In the records below, find the line with "三朵红白相间美丽郁金香", then copy each line exactly until you have copied the line with "1808 INDIA COIN". Leave any picture out.

*** Source material ***

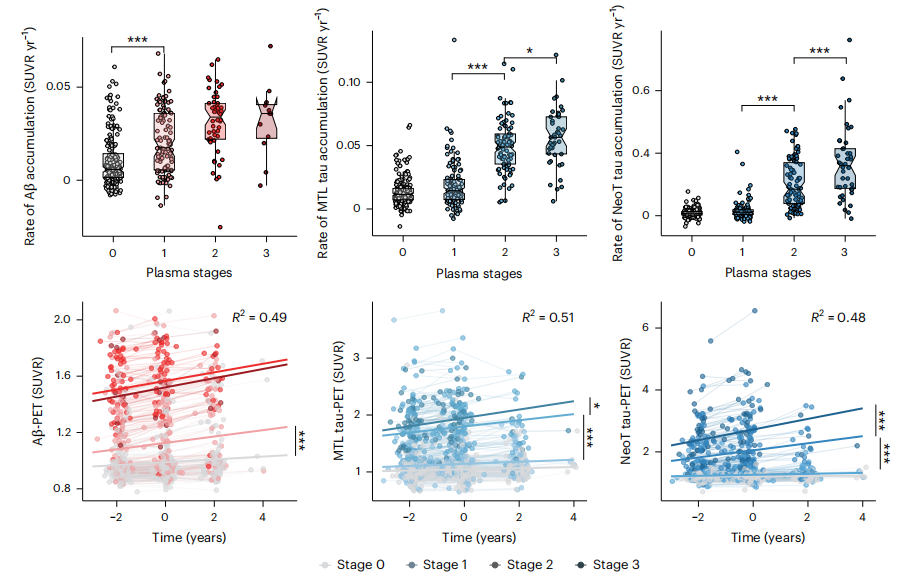 作者进一步研究了血浆tau分期是否与纵向MTL和NeoT区域Aβ-PET和tau-PET摄取(如下图),以及皮质厚度和认知能力下降有关。结果显示,2期患者的信号tau-PET在两个感兴趣区域的升高明显快于1期患者,3期个体tau-PET信号的增加速度高于2期个体。皮质厚度的下降率在不同血浆分期之间有显著差异,1→3期的皮质厚度年均减少0.19mm。使用mPACC和MMSE评分评估的纵向认知能力下降表明,血浆分期越高,认知能力下降的速度越快。
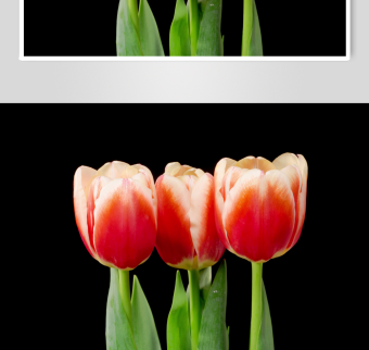 三朵红白相间美丽郁金香
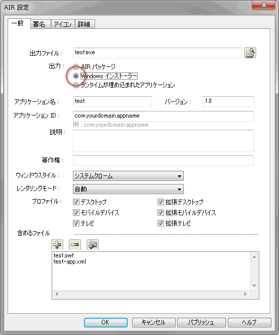 Adobe AIR インストーラを作成する
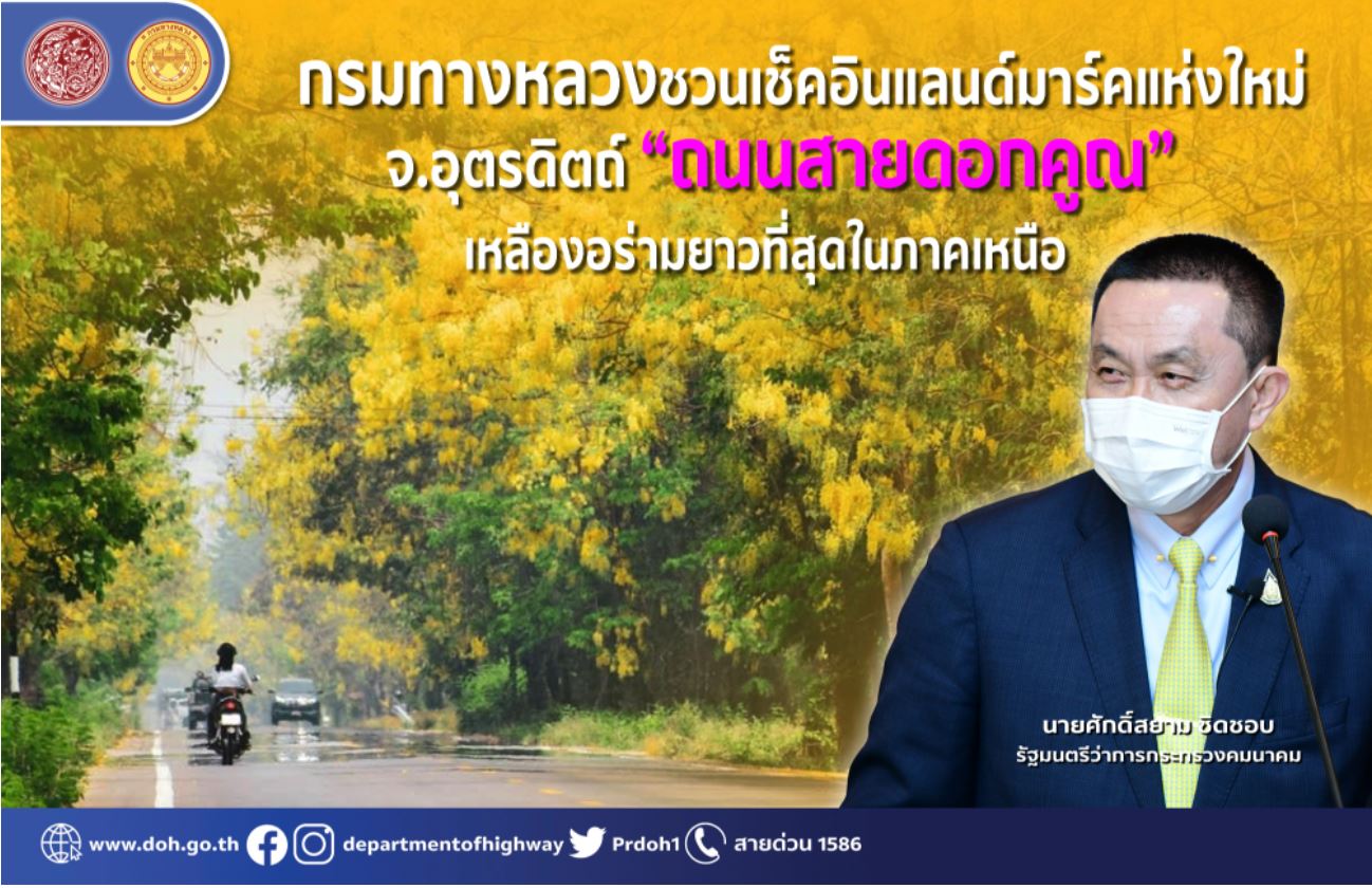 กรมทางหลวง โดย แขวงทางหลวงอุตรดิตถ์ที่ 1 เชิญชวนผู้ใช้ทางชมความสวยงามของถนนสายดอกคูณ จังหวัดอุตรดิตถ์ ที่บานพร้อมกันในช่วงฤดูร้อนของทุกปี เป็นแนวยาวที่สุดในภาคเหนือ ซึ่งจะออกดอกให้ชื่นชมปีละครั้งเท่านั้น พร้อมทั้งดำเนินการเตรียมความพร้อมปรับปรุงทางหลวงให้สวยงาม  ตามนโยบาย “คมนาคมสีสัน สร้างสรรค์ประเทศไทย” ของนายศักดิ์สยาม ชิดชอบ รัฐมนตรีว่าการกระทรวงคมนาคม ที่ได้สั่งการให้กรมทางหลวงเตรียมความพร้อมในทุกด้าน โดยเฉพาะเรื่องการอำนวยความสะดวกในการเดินทาง และปรับปรุงทัศนียภาพทางหลวง ให้มีความสวยงาม
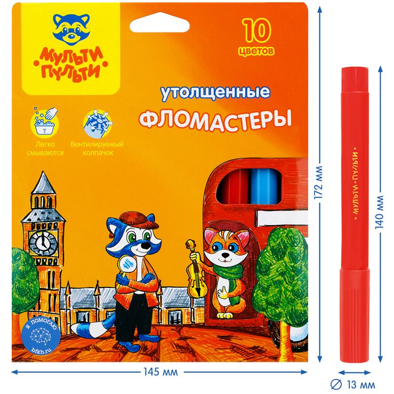Фломастеры Мульти-Пульти "Енот в Англии", 10цв., утолщенные, смываемые, картон, европодвес
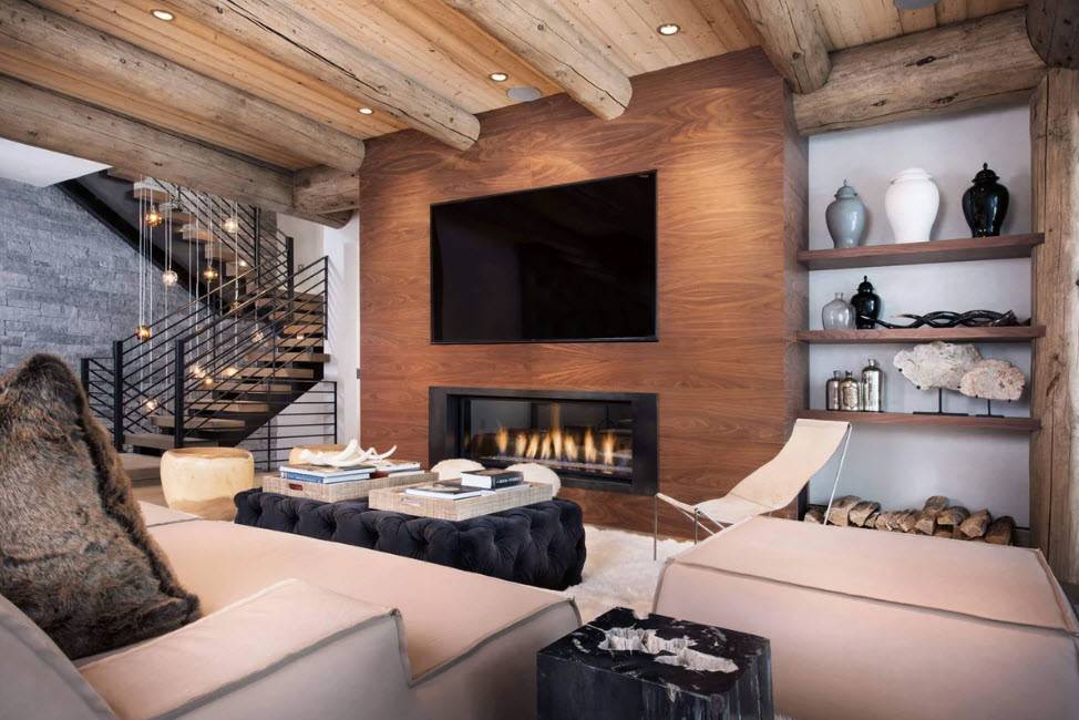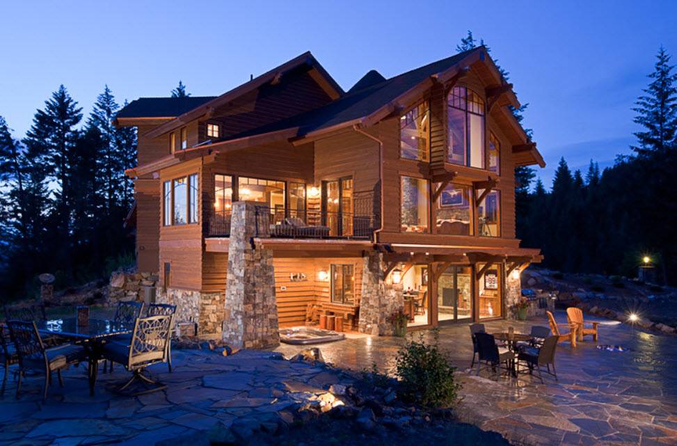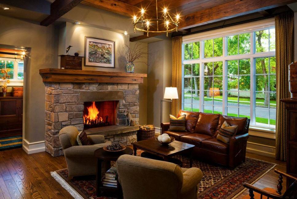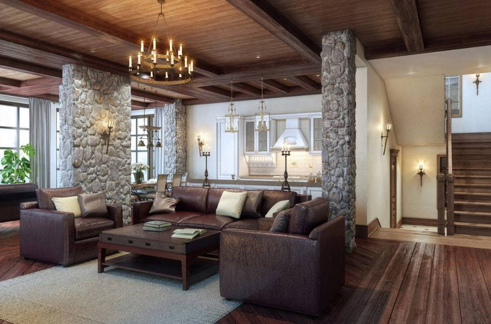 В качестве интерьера домов лучше всего подойдет деревянная мебель и столы, а также двери из дерева. Тогда жилище будет иметь целостный и уютный вид. Единственный недостаток деревянной мебели — она массивнее, чем мебель из ламинированной ДСП, зато деревянные изделия долговечнее и прочнее, чем ДСП, и подлежат реставрации.
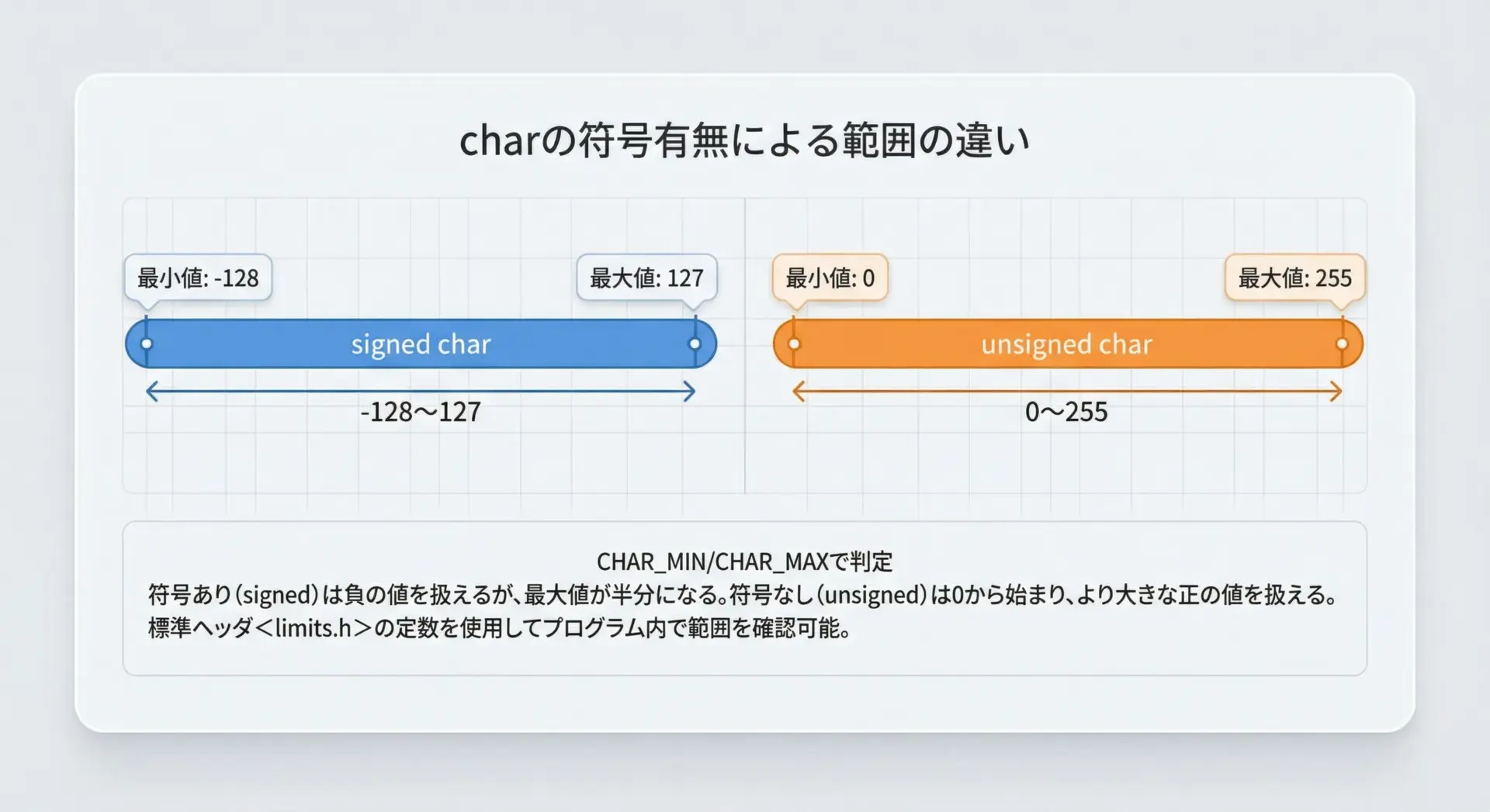 CHAR_MINは負の値(例:-128)、CHAR_MAXは正の値(例:127) - unsigned charの場合:
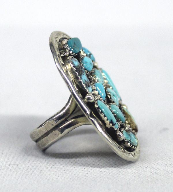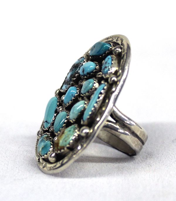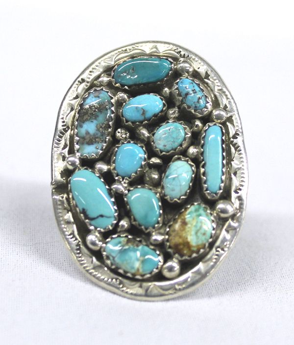Dynamic Vintage Navajo Silver Turquoise Ring - Jason Livingston, size 9.5, Sterling silver turquoise cluster ring, features 12 gorgeous turquoise cabochons (largest measuring 7/16'' x 3/8''), gorgeous hand stamped border, double band shank, measures 1.75'' x 1.25'', hallmarked J and stamped sterling, 18.86g in total wt. Great vintage find, large bold traditional ring
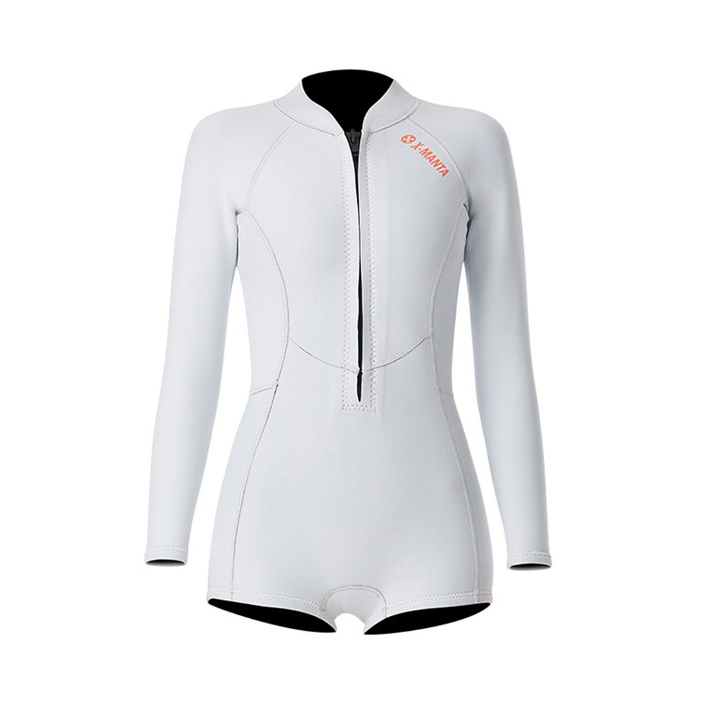 1.5MM Siamese Wet-type Warm Long Sleeve Jellyfish Swimming Surfing Stocking Suit White top_M quantity
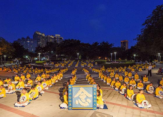 七月十八日傍晚,来自台湾台中地区的法轮功学员,在台中市文心森林公园比邻而坐,一盏盏烛光,汇聚善念。
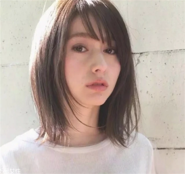 属于国字脸与宽脸的妹子可以考虑这款发量较多的中长发发型,沿脸颊洒落在肩头的头发,既可以散发出唯美动人的气息又可以柔化过硬的脸部线条,再配上轻盈的空气刘海就更是修脸减龄了。
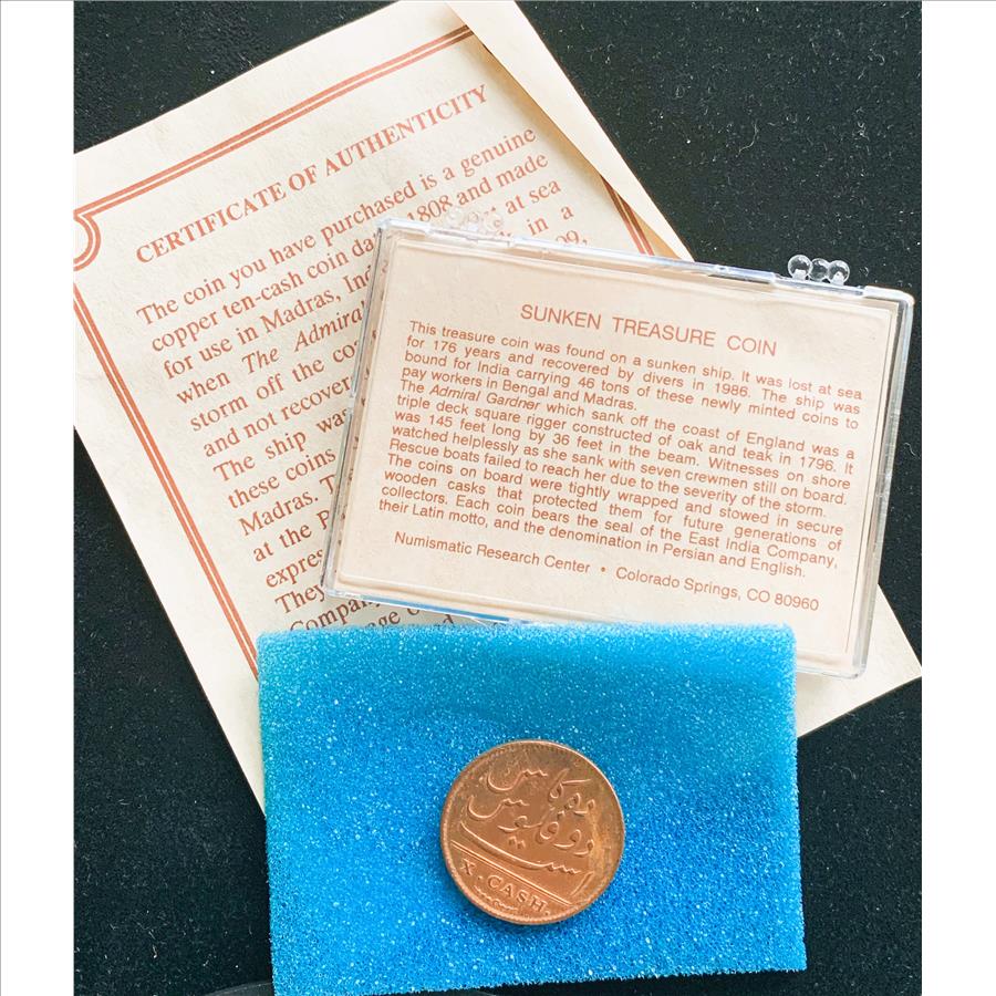 1808 INDIA COIN FROM SUNKEN TREASURE FROM THE ADMIRAL GARDNER SHIP SUNK IN 1809, IN CASE WITH COA
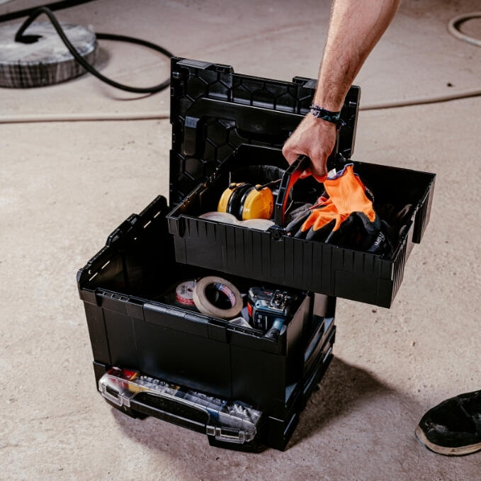 Die L-BOXX 238 steht für kompromisslose Stabilität. Aus schlag- und stoßfestem ABS-Kunststoff gefertigt, hält sie auch dann stand, wenn es auf der Baustelle mal etwas rauer zugeht. Das patentierte Klicksystem sorgt für eine sichere Verbindung im Verbund und macht aus mehreren L-BOXXen ein cleveres Transportsystem. Bis zu 25 kg trägt der stabile Werkzeugkoffer einzeln, im Klick-Verbund sogar bis zu 40 kg. Work.Clever Click.Together - das spart Dir Wege und eine Menge Nerven.
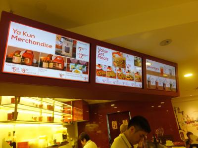 ホテルの朝食でもよかったのですが、せっかくシンガポールにきたのだから、と、ホテル近くのブギスジャンクションの地下にあったヤ・クン・カヤトーストでカヤトーストでの朝食を、ということになり、訪問。朝何時から開いているか不安だったのですが、8時すぎの訪問時にはすでに開店していました。いろんなセットがありますが、普通は生卵とのセットを頼むようです。店頭表示は4.8ドル(約400円)のセットメニューばかり。しかし、単品もありました。注文してから出来たら呼ばれるタイプ。たっぷり練乳のコピ(コーヒー)といっしょにどうぞ。
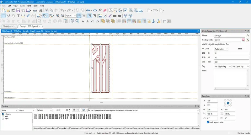 - Создание и редактирование шрифтов форматов TrueType и OpenType
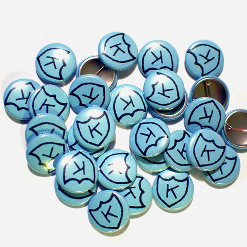 K interns Mike and James helped me make more K buttons last night, in Calvin's favorite color, pink! Check them out, along with all our pin-backs the K Mail Order Department! Deck out that backpack before class starts in September!

*** End of Source material ***

### Written response
 三朵红白相间美丽郁金香
 Adobe AIR インストーラを作成する
 กรมทางหลวง โดย แขวงทางหลวงอุตรดิตถ์ที่ 1 เชิญชวนผู้ใช้ทางชมความสวยงามของถนนสายดอกคูณ จังหวัดอุตรดิตถ์ ที่บานพร้อมกันในช่วงฤดูร้อนของทุกปี เป็นแนวยาวที่สุดในภาคเหนือ ซึ่งจะออกดอกให้ชื่นชมปีละครั้งเท่านั้น พร้อมทั้งดำเนินการเตรียมความพร้อมปรับปรุงทางหลวงให้สวยงาม  ตามนโยบาย “คมนาคมสีสัน สร้างสรรค์ประเทศไทย” ของนายศักดิ์สยาม ชิดชอบ รัฐมนตรีว่าการกระทรวงคมนาคม ที่ได้สั่งการให้กรมทางหลวงเตรียมความพร้อมในทุกด้าน โดยเฉพาะเรื่องการอำนวยความสะดวกในการเดินทาง และปรับปรุงทัศนียภาพทางหลวง ให้มีความสวยงาม
Фломастеры Мульти-Пульти "Енот в Англии", 10цв., утолщенные, смываемые, картон, европодвес
 В качестве интерьера домов лучше всего подойдет деревянная мебель и столы, а также двери из дерева. Тогда жилище будет иметь целостный и уютный вид. Единственный недостаток деревянной мебели — она массивнее, чем мебель из ламинированной ДСП, зато деревянные изделия долговечнее и прочнее, чем ДСП, и подлежат реставрации.
 CHAR_MINは負の値(例:-128)、CHAR_MAXは正の値(例:127) - unsigned charの場合:
Dynamic Vintage Navajo Silver Turquoise Ring - Jason Livingston, size 9.5, Sterling silver turquoise cluster ring, features 12 gorgeous turquoise cabochons (largest measuring 7/16'' x 3/8''), gorgeous hand stamped border, double band shank, measures 1.75'' x 1.25'', hallmarked J and stamped sterling, 18.86g in total wt. Great vintage find, large bold traditional ring
 1.5MM Siamese Wet-type Warm Long Sleeve Jellyfish Swimming Surfing Stocking Suit White top_M quantity
 七月十八日傍晚,来自台湾台中地区的法轮功学员,在台中市文心森林公园比邻而坐,一盏盏烛光,汇聚善念。
 属于国字脸与宽脸的妹子可以考虑这款发量较多的中长发发型,沿脸颊洒落在肩头的头发,既可以散发出唯美动人的气息又可以柔化过硬的脸部线条,再配上轻盈的空气刘海就更是修脸减龄了。
 1808 INDIA COIN FROM SUNKEN TREASURE FROM THE ADMIRAL GARDNER SHIP SUNK IN 1809, IN CASE WITH COA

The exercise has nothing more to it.